Den of Geek ranked it in the top 25 "must watch" episodes of Star Trek: The Next Generation.

TrekMovie.com suggested it as viewing for Saint Patrick's Day due to its Irish content, in particular for Captain Maxwell and Miles O'Brien's rendition of the Irish ballad "The Minstrel Boy".

Regarding Starfleet's Benjamin Maxwell, IGN ranked Maxwell as the 25th best character of Star Trek. Wired ranked Maxwell as the 94th most important Starfleet character in the Star Trek universe.

== Home video ==
This episode was released in the United States on September 3, 2002, as part of the Star Trek: The Next Generation season four DVD box set.

On April 23, 1996, this was released on LaserDisc in the United States, paired with "Data's Day" on one double-sided 12 inch disc.

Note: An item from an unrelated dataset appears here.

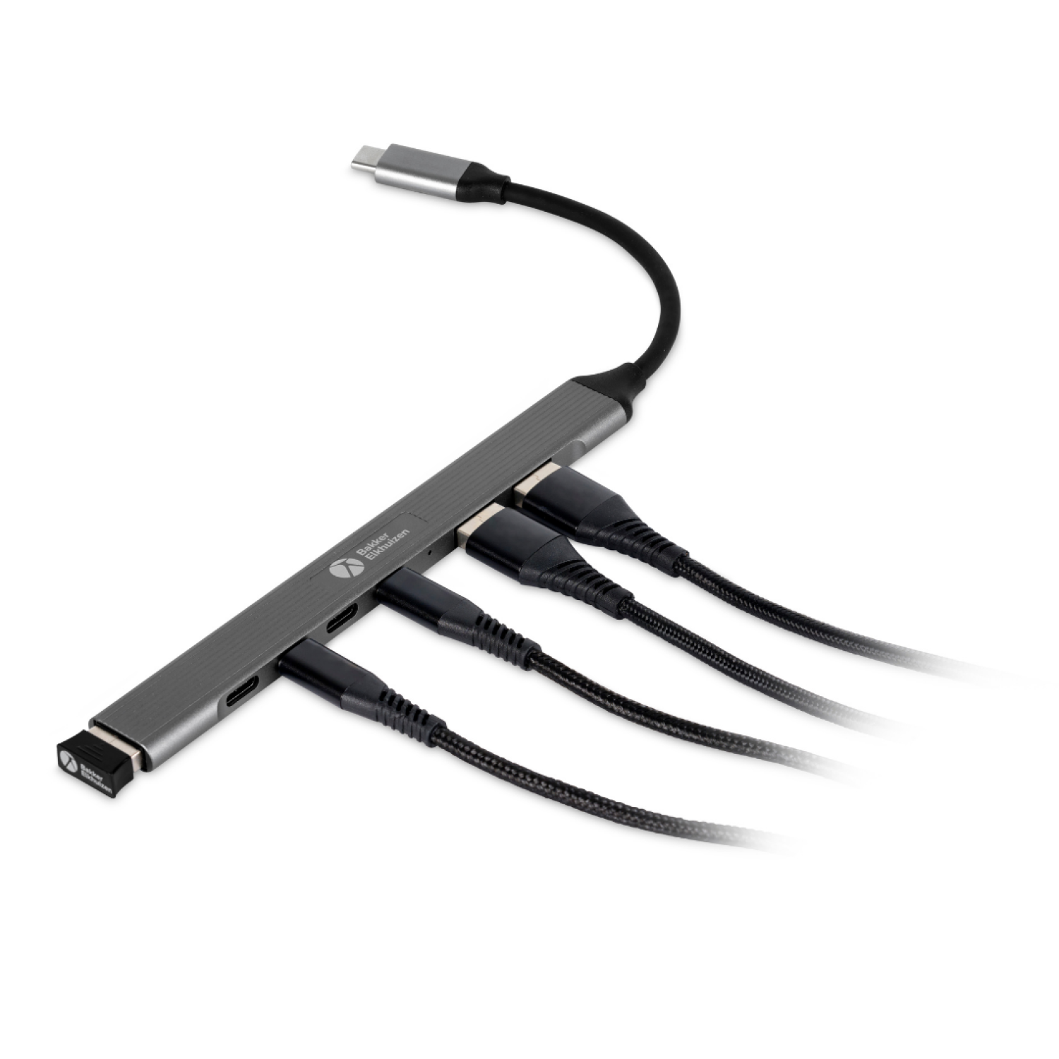 BakkerElkhuizen USB-C Hub 7-in-1 (3A+4C), 7 connections, stylish design, flexible cable and stays cool during use.. Host interface: USB Type-C, Hub interfaces: USB 2.0, USB 3.2 Gen 1 (3.1 Gen 1) Type-A, USB 3.2 Gen 1 (3.1 Gen 1) Type-C. Data transfer rate: 5000 Mbit/s, Product colour: Black, Grey, Housing material: Aluminium. Windows operating systems supported: Windows 10, Windows 10 Education, Windows 10 Education x64, Windows 10 Enterprise, Windows 10..., Other operating systems supported: ChromeOS. Width: 17 mm, Depth: 152 mm, Height: 7 mm. Quantity per pack: 1 pc(s), Package width: 61 mm, Package depth: 200 mm
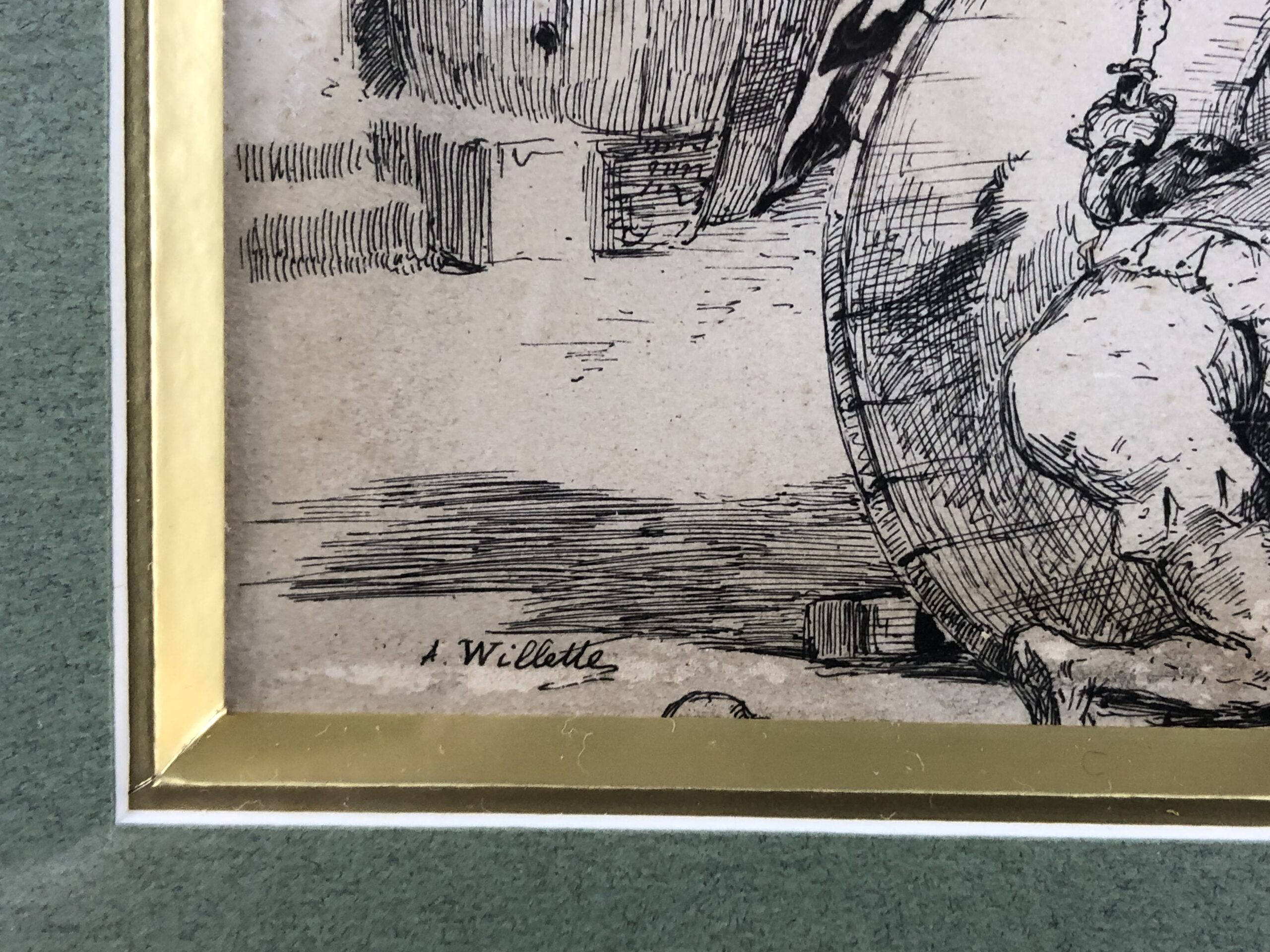 Willette studied for four years at the École des Beaux-Arts under Alexandre Cabanel. His graphical work ranged from dainty triviality or political satire: he made Pierrot an imaginary hero of France, and established Mimi Pinson as frail, lovable, and essentially good-hearted. He could also be bitter and fierce, a partisan of political ideas. The guillotine and the figure of Death appear in his caricatures. At the time of the Dreyfus affair he was an anti-dreyfusard; with Jean-Louis Forain, he moved to the political right.

CBS announced on September 28, 2011, in celebration of the series' twenty-fifth anniversary, that Star Trek: The Next Generation would be completely re-mastered in 1080p high definition from the original 35mm film negatives. For the remaster almost 25,000 reels of original film stock were rescanned and reedited, and all visual effects were digitally recomposed from original large-format negatives and newly created CGI shots. The release was accompanied by 7.1 DTS Master Audio. On July 30, 2013 "The Wounded" was released on 1080p high definition as part of the Season 4 Blu-ray box set in the United States. The set was released on July 29, 2013, in the United Kingdom.

==See also==

- "Defiant": a Deep Space Nine third season episode depicting a similar pursuit of a Maquis-commandeered USS Defiant's incursion into Cardassian space.
- "Chain Of Command": a The Next Generation sixth season two-part episode, in which the Cardassians attempt an incursion on a disputed planet.